There was a time when the US dollar used to dominate global reserve shares. Nearly all major economies had abundant USD shares, with the American currency enjoying exclusive perks of being the “only” currency that held major power over its peers and competitors. However, with time, the constant weaponization of the dollar, coupled with the recent tariff overhauls, has degraded the USD’s global reserve value. With the American currency facing extreme volatility and fluctuations, major economies have now switched to gold and other currency alternatives to safeguard investments, ditching the dollar in the process.
2. Weakening Faith in the US Dollar


Several countries have labelled the USD as a tool of destruction, as it’s been heavily weaponized in recent times. The US’s ability to sanction nations has been widely criticized, which has further led investors to question the US dollar’s stance and its position in the global financial system.
“Critics of U.S. sanctions contend that the U.S. has ‘weaponized the dollar.” Especially when the U.S. imposes sanctions without the support of its allies and partners.

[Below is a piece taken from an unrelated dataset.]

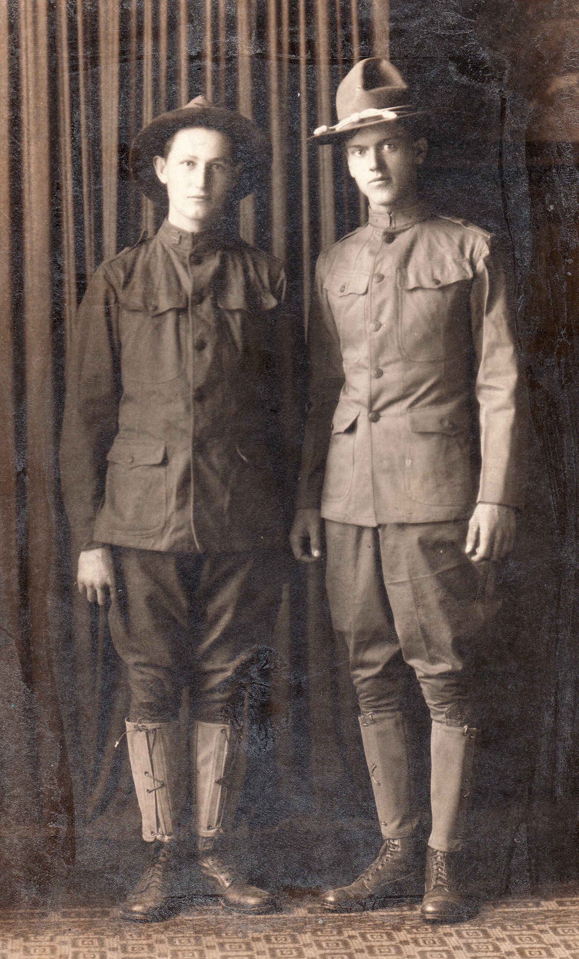 SOURCE CITATION: [Left-Right]: Clarence Sprowls and James Hobart Swart - both men were members of Company K, 110th Infantry, 28th Division during World War I; circa 1917-1918; item no. SUPL-AN003-0018, Swart Series, Wayne Carl Swart Collection, Greene Connections Archives Project (www.GreeneConnections.com).

In China and China-aligned countries like Russia. Leaders aspire to bank and trade in their own currencies away from the watchful eyes of Uncle Sam.” As stated in Brookings.
3. Persistent Rate Cuts and Currency Fall


The USD is also susceptible to fluctuations caused by persistent FED rate cuts. The Federal Reserve’s future rate cut trajectories have often impacted the US dollar in a negative sense, making dollar-denominated assets appear less lucrative to investors globally. This has also prompted the USD to note a gradual decline, with investors rummaging for sturdier assets to invest in the long haul.